● **WHAT NEEDS TO BE DONE**
The listing, minus its pictures, is to be given again exactly.

(DATA BELOW begins)

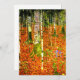 Cartão com a pintura de Gustav Klimt Casa de Fazenda com Árvores de Bétula (1903). Uma paisagem outonal de folhas laranjas numa floresta de bétulas com belas flores azuis. Um presente maravilhoso para fãs de Arte Nova e arte austríaca.
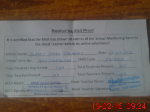 | EMIS Code: 39210431 | Name of School: GMPS CHAK SALAMAT | |||
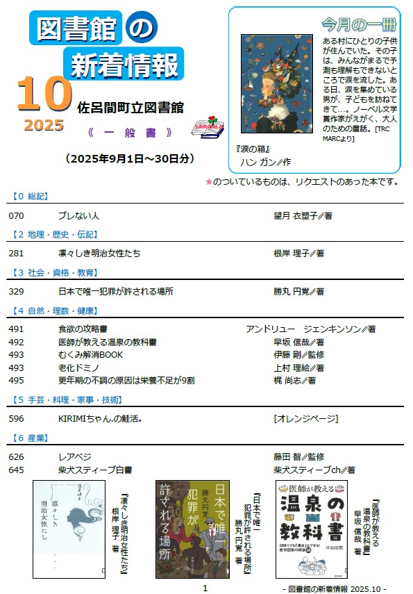 図書館の新着情報(PDF形式ファイル)を月1回配布しています。

(DATA BELOW ends)

● **TASK OUTPUT**
 Cartão com a pintura de Gustav Klimt Casa de Fazenda com Árvores de Bétula (1903). Uma paisagem outonal de folhas laranjas numa floresta de bétulas com belas flores azuis. Um presente maravilhoso para fãs de Arte Nova e arte austríaca.
 | EMIS Code: 39210431 | Name of School: GMPS CHAK SALAMAT | |||
 図書館の新着情報(PDF形式ファイル)を月1回配布しています。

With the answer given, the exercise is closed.